My father, John Pick, who has died aged 83, was largely responsible for the creation and acceptance of arts management as an academic discipline in UK universities.
He was born in Retford, Nottinghamshire, the son of Ben, a gardener, and Edith (nee Morley), a primary school teacher. He attended King Edward VI grammar school in Retford and then went to Leeds University, where he studied philosophy, politics and economics, graduating in 1959. There he met Ann Johnson, a fellow student, and they married in 1960.
John went from Leeds to do on-the-job teacher training at King James’s grammar school in Almondbury, Yorkshire, and then went on to run the drama department at Nottingham College of Education, eventually becoming head of drama at St Peter’s College in Birmingham.
In 1973 he moved from Birmingham to run the residential adult education centre at Dillington House, near Ilminster, Somerset.
In 1976 he became the director of arts administration studies at City University in London, founding Europe’s first university department of arts policy and management. The project started with a single practice-based diploma, but he soon expanded this into a thriving programme of specialist master’s degrees in areas such as museum management. While at City he also held a post as a visiting professor in arts management at London South Bank University.
John’s book Arts Administration (1980), co-written with Malcolm Anderton, became a standard textbook on the subject.
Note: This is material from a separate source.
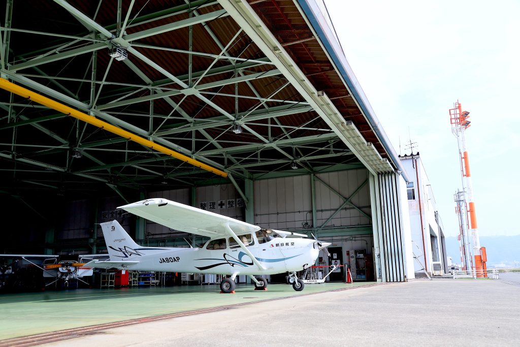 国内では数少ない2本の交差滑走路を持つ空港です。昭和初期に操縦士育成の民間学校として始まり、現在も操縦訓練のほか、航空写真撮影や遊覧飛行などに利用されています。災害発生時の援助基地としての役割も担っています。

He wrote many other books, including The West End: Mismanagement and Snobbery (1983) and Managing the Arts: the British Experience (1986).
In 1986 he helped revive the Hackney Empire theatre in London, which had been threatened with demolition, was an actor with the Players’ theatre music hall in London during the 1980s and chair of the Bee & Bustle touring music hall, introducing the acts.
In retirement, in the early 90s, he was awarded the title of emeritus professor at City University and was in demand as a public speaker.
Ann died in 2011. He is survived by his children, Cath and me, and his grandchildren, Bonnie and Mackenzie.